▸ What the exercise asks: Print the data below verbatim, minus images.

▸ Data provided:
::::::

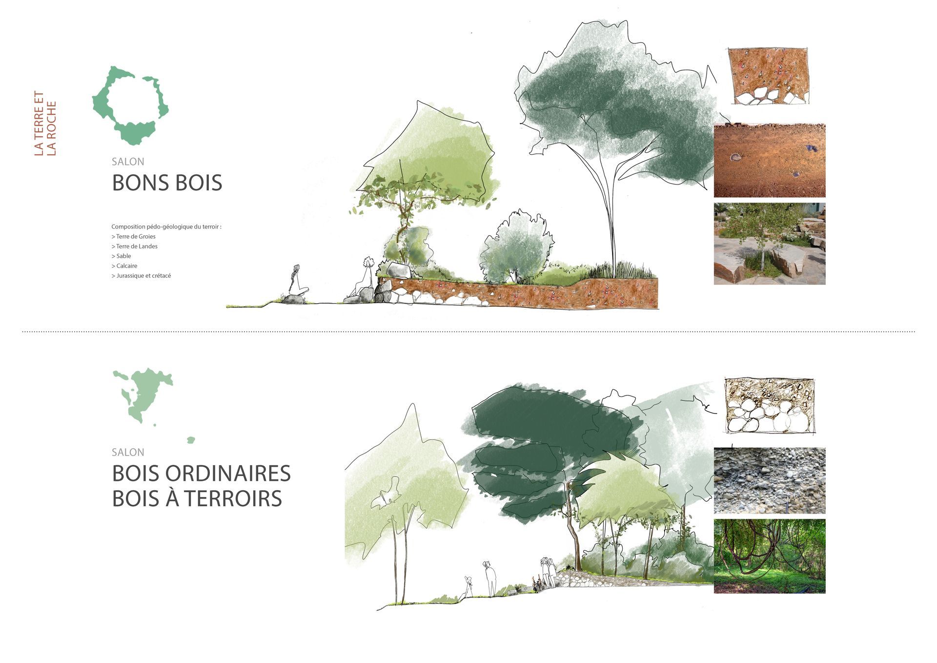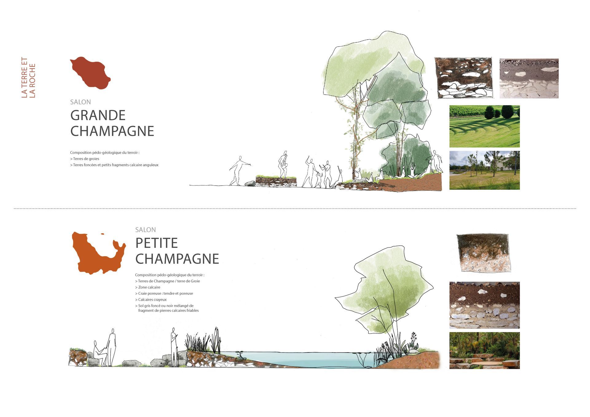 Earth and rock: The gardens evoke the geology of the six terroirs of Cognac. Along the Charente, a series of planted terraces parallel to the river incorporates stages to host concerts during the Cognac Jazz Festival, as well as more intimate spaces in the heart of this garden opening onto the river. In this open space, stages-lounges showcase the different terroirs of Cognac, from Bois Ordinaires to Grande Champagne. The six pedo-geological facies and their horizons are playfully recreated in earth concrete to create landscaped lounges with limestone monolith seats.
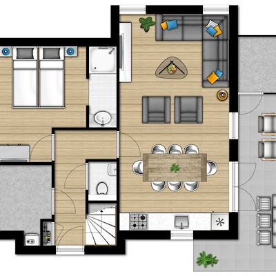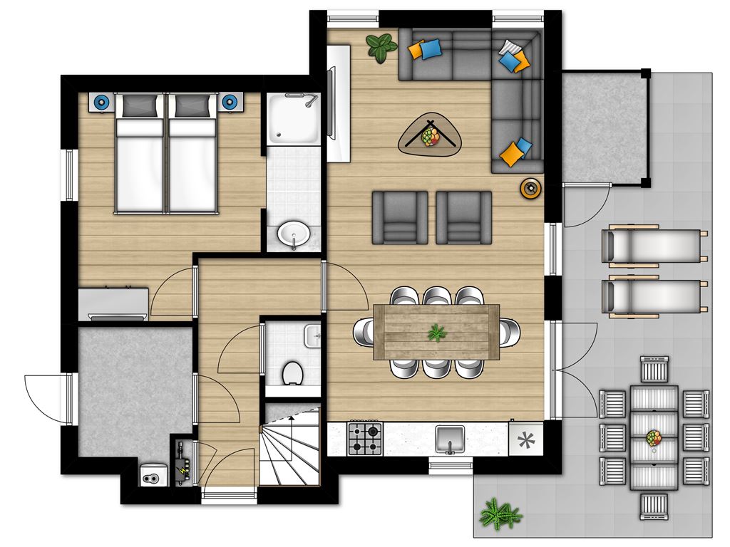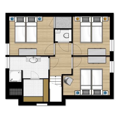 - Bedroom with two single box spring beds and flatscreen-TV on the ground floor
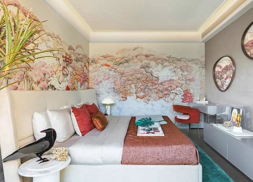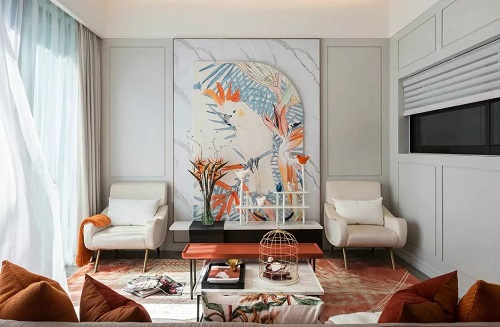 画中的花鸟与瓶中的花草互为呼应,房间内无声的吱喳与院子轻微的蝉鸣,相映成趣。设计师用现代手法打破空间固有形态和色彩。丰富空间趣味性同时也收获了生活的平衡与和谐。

::::::

▸ The completed task:
 Earth and rock: The gardens evoke the geology of the six terroirs of Cognac. Along the Charente, a series of planted terraces parallel to the river incorporates stages to host concerts during the Cognac Jazz Festival, as well as more intimate spaces in the heart of this garden opening onto the river. In this open space, stages-lounges showcase the different terroirs of Cognac, from Bois Ordinaires to Grande Champagne. The six pedo-geological facies and their horizons are playfully recreated in earth concrete to create landscaped lounges with limestone monolith seats.
 - Bedroom with two single box spring beds and flatscreen-TV on the ground floor
 画中的花鸟与瓶中的花草互为呼应,房间内无声的吱喳与院子轻微的蝉鸣,相映成趣。设计师用现代手法打破空间固有形态和色彩。丰富空间趣味性同时也收获了生活的平衡与和谐。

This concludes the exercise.